In: Accounting
55.
Danni is a single 30 percent owner of Kolt (a business entity). In the current year, Kolt reported a $1,000,000 business loss. Answer the following questions associated with each of the following alternative scenarios:
a. Kolt is organized as a C corporation and Danni works 20 hours a week as an employee for Kolt. Danni has a $200,000 basis in her Kolt stock. How much of Kolt’s loss is Danni allowed to deduct this year against her other income?
b. Kolt is organized as an LLC taxed as a partnership. Thirty percent of Kolt’s loss is allocated to Danni. Danni works 20 hours a week on Kolt business activities (she is not considered to be a passive investor in Kolt). Danni has a $400,000 basis in her Kolt ownership interest and she also has a $400,000 at-risk amount in her investment in Kolt. Danni does not report income or loss from any other business activity investments. How much of the $300,000 loss allocated to her from Kolt is Danni allowed to deduct this year?

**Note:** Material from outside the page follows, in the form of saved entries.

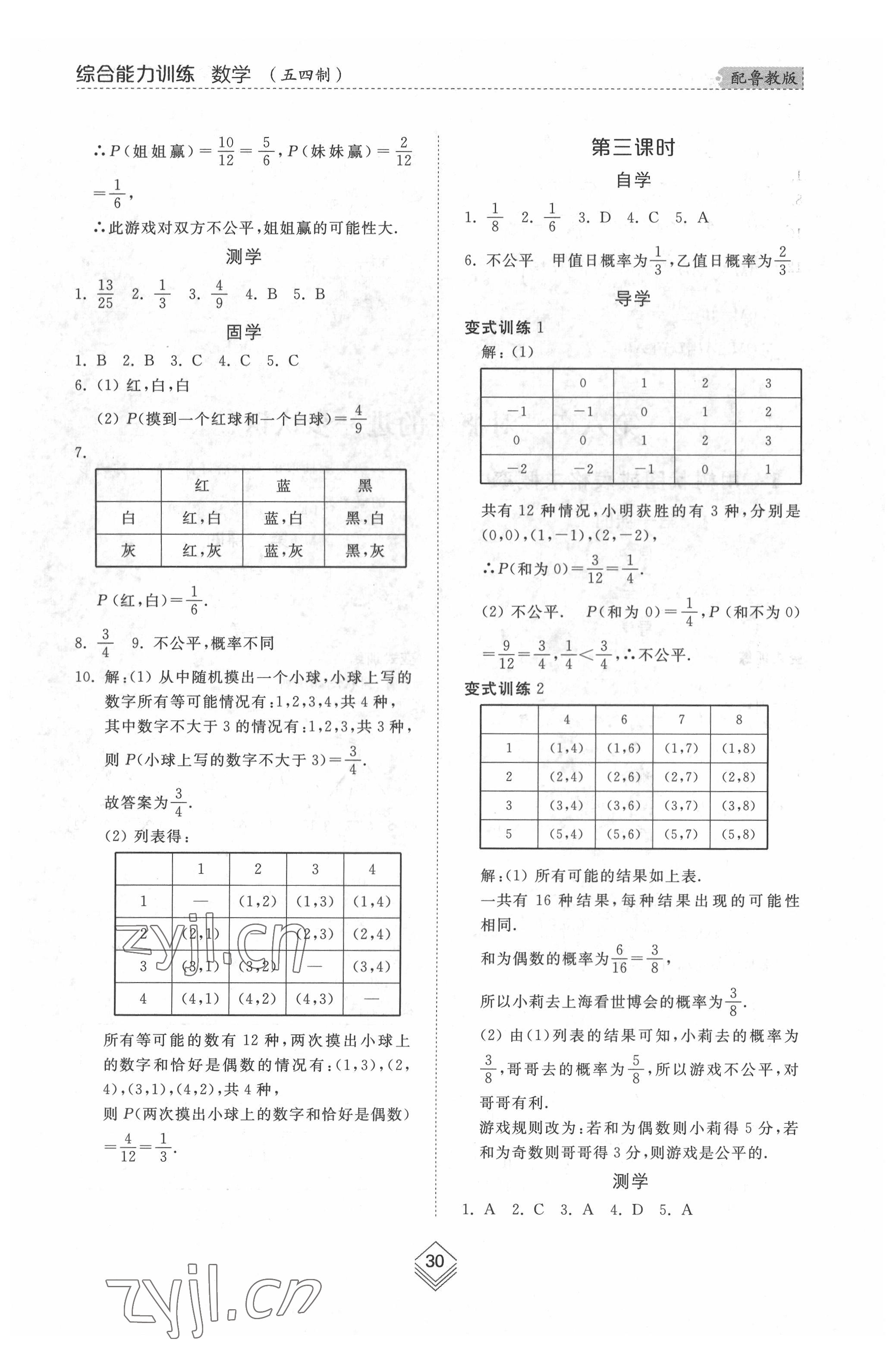 2022年综合能力训练九年级数学全一册鲁教版54制
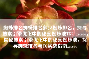蜘蛛排名蜘蛛排名多少蜘蛛排名,探寻搜索引擎优化中的秘密蜘蛛池TG:zzcseo,揭秘搜索引擎优化中的秘密蜘蛛池,探寻蜘蛛排名与TG实战指南zzcseo
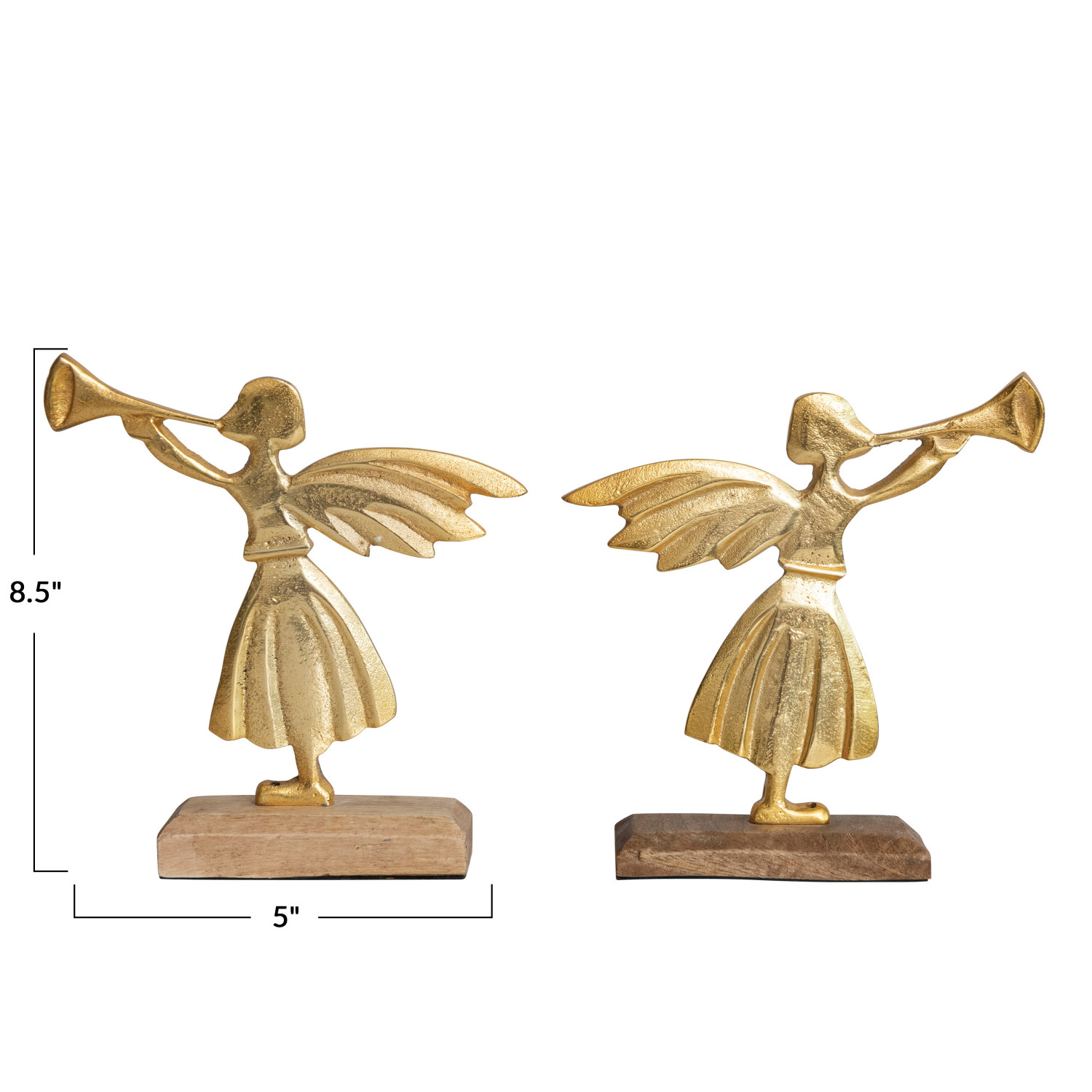 5"L x 2"W x 8-1/2"H Cast Aluminum Angels on Mango Wood Bases, Gold Finish & Natural, Set of 2
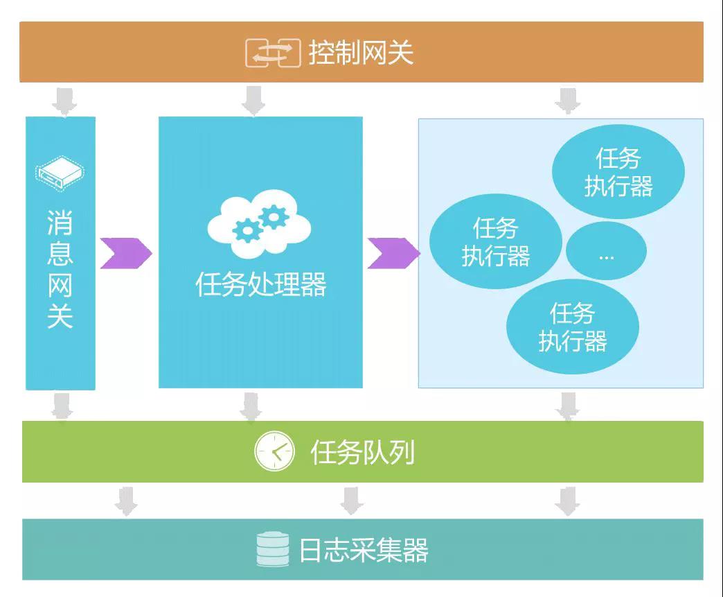 采用分布式监控技术,提供了数据收集、消息通道、实时计算、实时报警等功能,实现了服务及相关资源运行状况的实时监控。其架构设计如下图所示:

c. Kolt is organized as an LLC taxed as a partnership. Thirty percent of Kolt’s loss is allocated to Danni. Danni is not involved in Kolt business activities. Consequently, she is considered to be a passive investor in Kolt. Danni has a $400,000 basis in her Kolt ownership interest and she also has a $400,000 at-risk amount in her investment in Kolt. Danni does not report income or loss from any other business activity investments. How much of the $300,000 loss allocated to her from Kolt is Danni allowed to deduct this year?
Answer a:
Kolt is organized as a C corporation and Danni works 20 hours a week as an employee for Kolt.
Neither income nor loss of a C corporation passes through the corporation to its shareholders. C Corporation can carry forward “net operating loss” (NOL). When a business is organized as C Corporation, any loss it suffers provides no benefit to its shareholders.
As such Danni is not allowed to deduct any amount of Kolt’s loss this year against her other income.
So share of loss allowed to be deducted = $0
Answer b:
Kolt is organized as an LLC taxed as a partnership.
Danni is a single 30 percent owner and loss allocated = $300,000
The deductibility for her share of allocated loss is limited to:
(i) her adjusted basis in his or her interest in the entity and
(ii) her amount “at risk” with respect to the entity as of the end of the year,
Danni has a $400,000 basis in her Kolt ownership interest and she also has a $400,000 at-risk amount in her investment in Kolt.
Further As per Tax Cuts and Jobs Act, a taxpayer’s loss from a non-passive trade or business is now limited to $500,000 for MFJ and $250,000 for other taxpayers for tax years beginning after December 31, 2017 and before January 1, 2026.
As such loss she will be allowed to deduct is limited to $250,000 this year. Any excess business loss is treated as part of the taxpayer’s net operating loss (“NOL”) carryforward to be used in subsequent years.
So share of loss allowed to be deducted = $250,000
Answer c:
Danni is not involved in Kolt business activities. Consequently, she is considered to be a passive investor in Kolt.
When the entity is a “passive activity” for the owner, she may not be able to use her share of a loss for any year to the extent the loss exceeds her income from other passive activities.
Since Danni does not report income or loss from any other business activity investments, she is not allowed to deduct any amount of $300,000 loss allocated to her from Kolt, this year.